Suppose we make an inference from the data from 1 hour before to 1 hour after that time.

Although the target time was decided symmetrically, it is biased because it has only past data.

As is the case with time, the data cannot necessarily be taken in such a way that "symmetry bias" does not occur.

"unknown" is given according to the difference between the average value of the explanatory variables of the set and the explanatory variables to be predicted.

First, split the set in two at half the "mean difference".

L = Wasserstein distance between the undivided set and the whole

L1 = Wasserstein distance between the nearest set of partitions and the whole

L2 = Wasserstein distance between the far set and the entire partition

"average unknown" =|L2-L1|/L

Allocate "mean unknown" to members proportional to the distance of each explanatory variable.

The calculation method is not limited to this method.

Instead of splitting into two, it may be finely split.

Even without any information on the objective variable, it can be inferred that the greater the difference in explanatory variables, the greater the bias.

Also, if a large "unknown" is given, it is better to re-form the hypothesis so that the set becomes smaller.

For one piece of data, the farther the explanatory variable is from the target of prediction, the farther the objective variable will be.

As for the distribution, if the average value of the explanatory variables is the same as that of the prediction target, it can be considered that the deviations are canceled out.

However, this holds true when the relationship between the explanatory variable and the objective variable is linear.

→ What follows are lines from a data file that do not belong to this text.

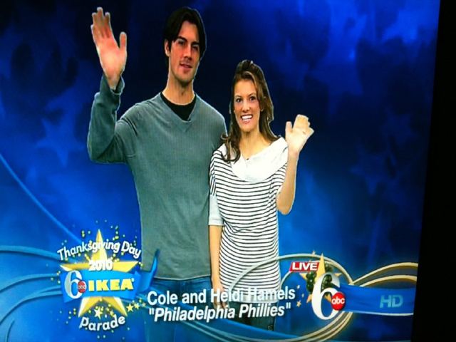 3. Love how the picture from the Thanksgiving Parade indicates in no way that it is Thanksgiving or a parade. Just that Hamels and his wife like to stand around and wave like idiots.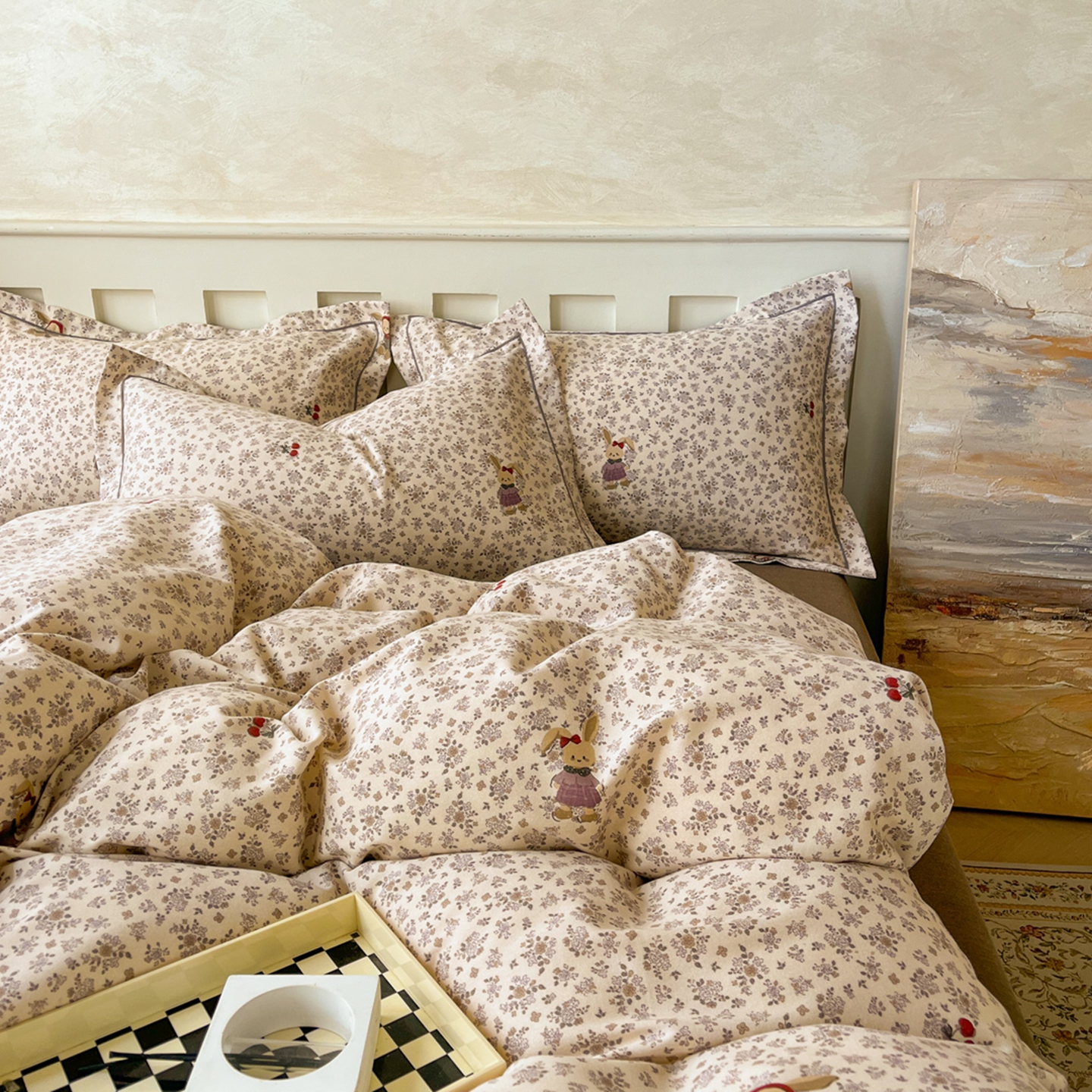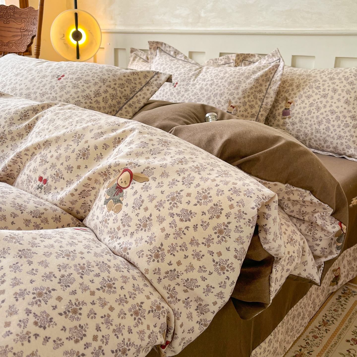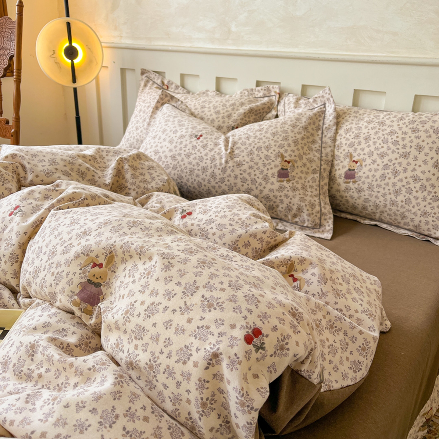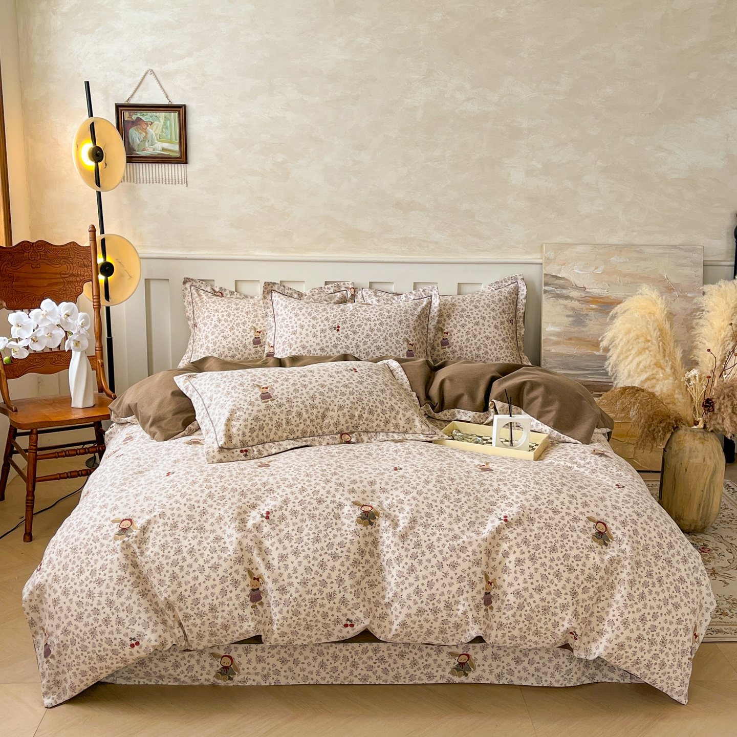 简约家纺 2025新款全棉磨毛印花单品床单 甜甜兔-咖
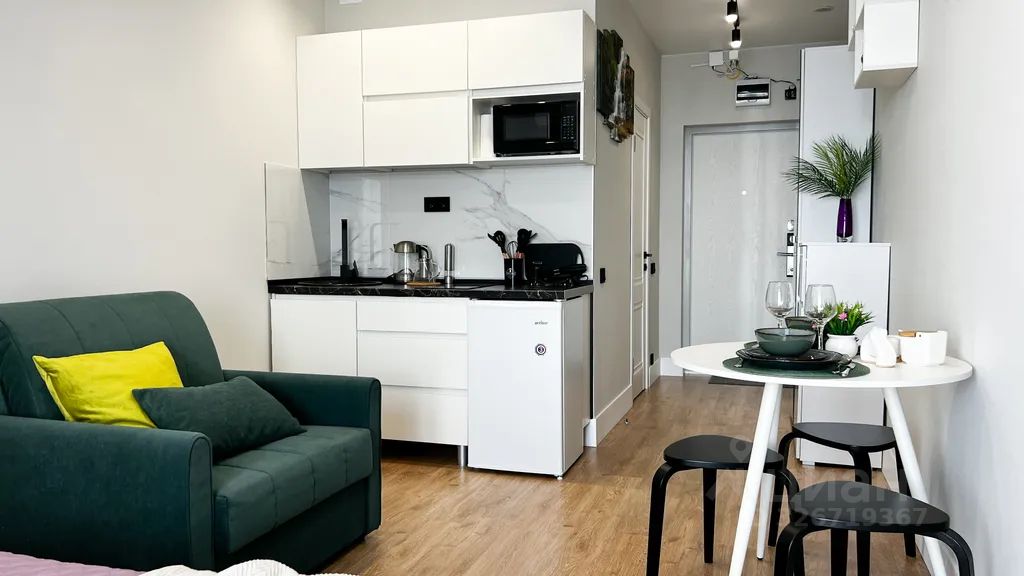 В кухонной зоне: холодильник, микроволновка, варочная панель, чайник, необходимая посуда, столовые приборы и принадлежности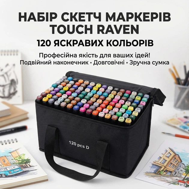 Набір маркерів двосторонніх для малювання скетчингу Touch Raven 120 шт комплект дитячі кольорові двосторонні скетч фломастер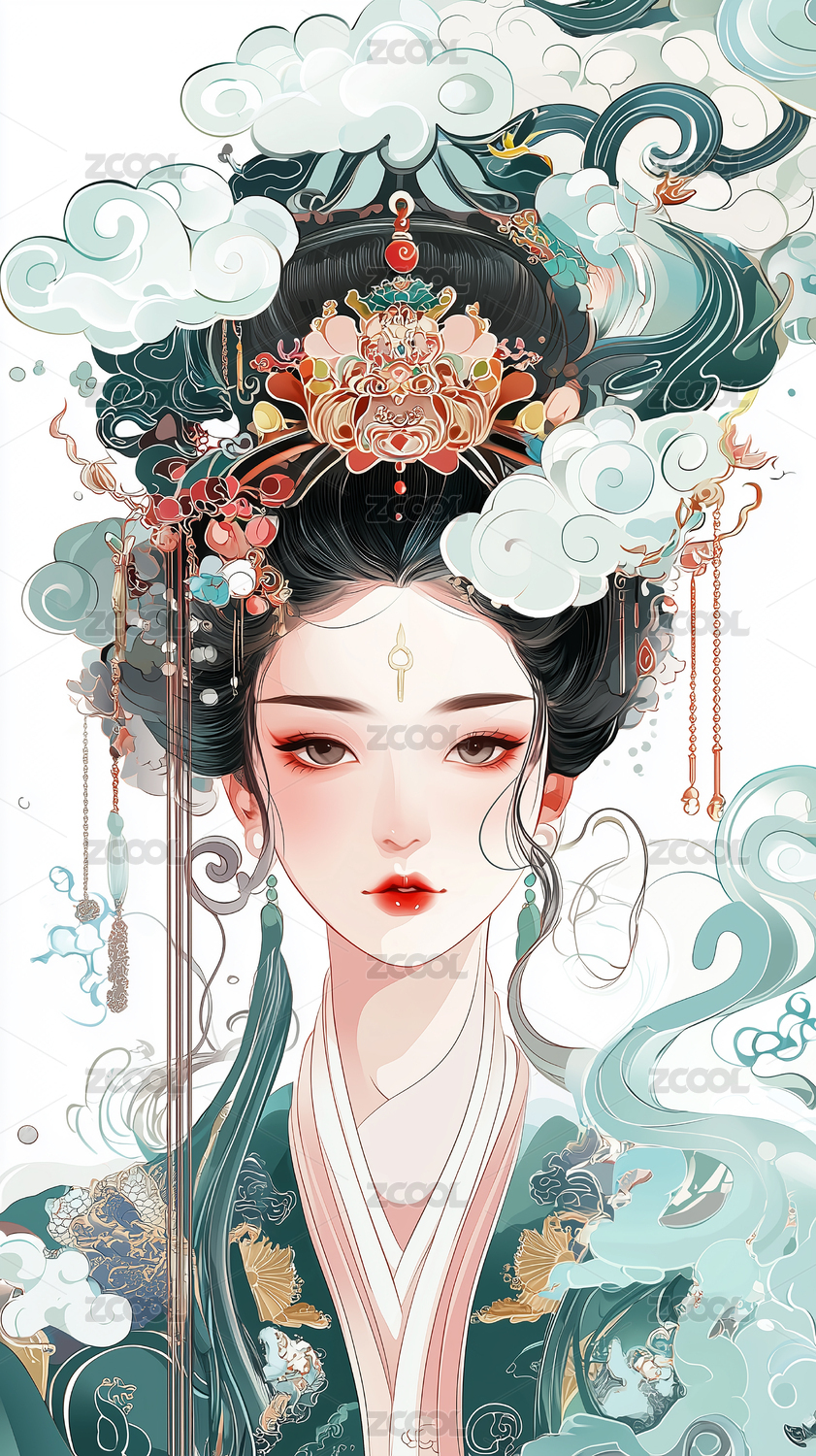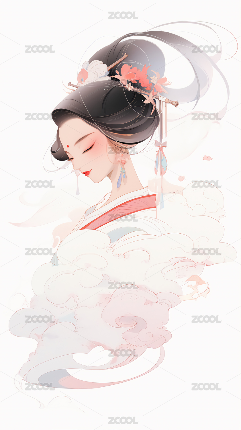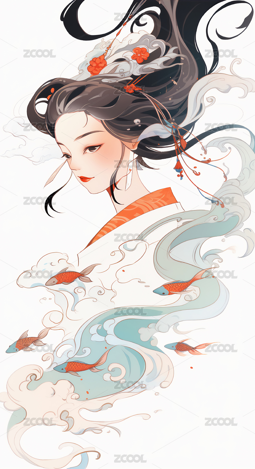 古风,唯美,绘画,设计,中国风,女子,插画,发饰,壁纸,头像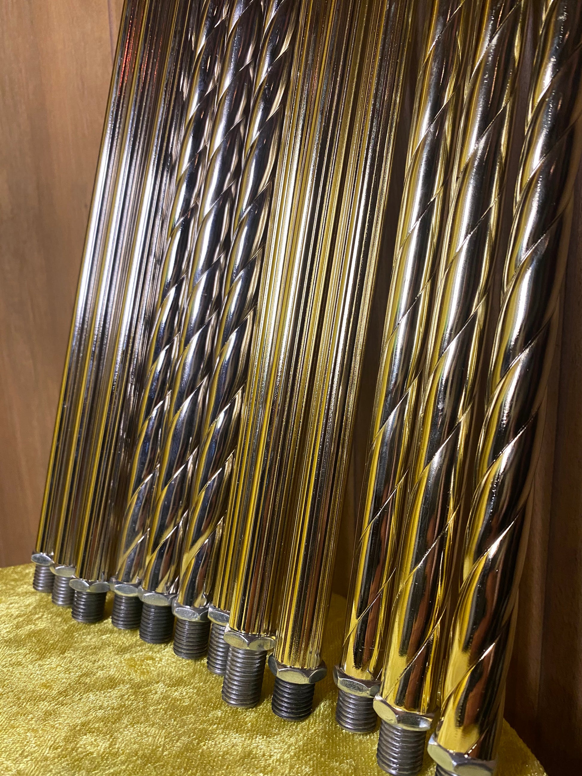 Restore your rain lamp with three solid steel columns, available in roped or fluted designs and gold or silver finishes. Mounting hardware included.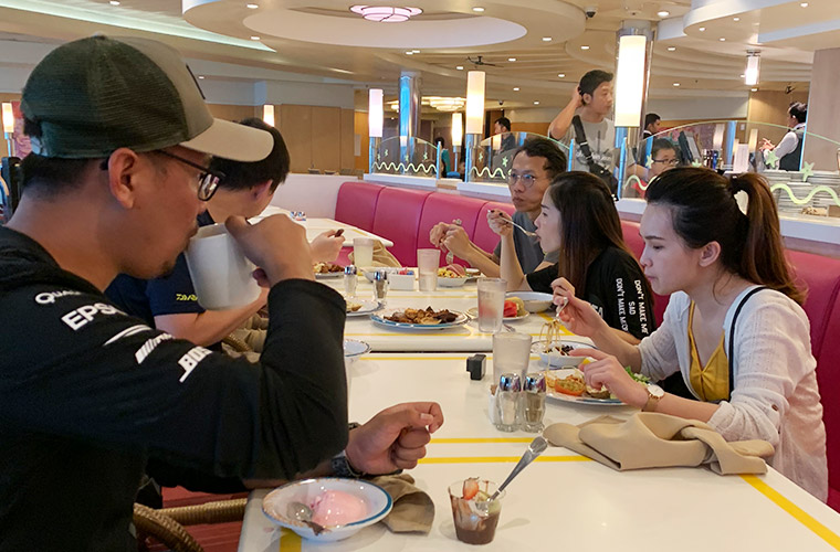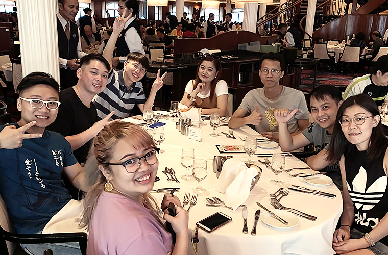 It was our last full day on the cruise so we spent the morning taking numerous photos at various parts of the cruise. Everyone donned the OWNDAYS t-shirt and tried doing different poses for the photo taking session. It was a great team-bonding time that allowed us to discover the fun-loving side of one another which might otherwise rarely be seen at work. We cheered in unity, “Yeah! Yeah! OWNDAYS!!!” before ending the session.

That is, even if the average values of the explanatory variables are equal, the larger the variance×nonlinearity, the larger the deviation.

We call it the “Variance bias”.

"unknown" is given according to the variance of explanatory variables.

"deviation" and "mean difference" have the same units.

Assuming various nonlinear lines, an approximate relationship between the two can be estimated.

The bias due to "deviation" is about half of the bias due to "mean difference".

The set may be divided into two parts, one with a closer "deviation" and one with a farther one, and the same calculation as for the "difference in mean value" may be performed.

Also, if a large "unknown" is given, it is better to re-form the hypothesis so that the set becomes smaller.

Chance bias is the appearance of a relationship due to the random bias in the target variable.

Compute the Wasserstein distance of the objective variable of the fuzzy set and the universal set.

Find the probability that a random sampling of the same number of samples will be equal to or greater than the above distance by chance.

"unknown" is given only for the probability that it occurs by chance.

However, this is when testing for chance by comparing with a single random sample.

If you are concerned that the rarest case in 100 random samples may have been cited, you must compare that case.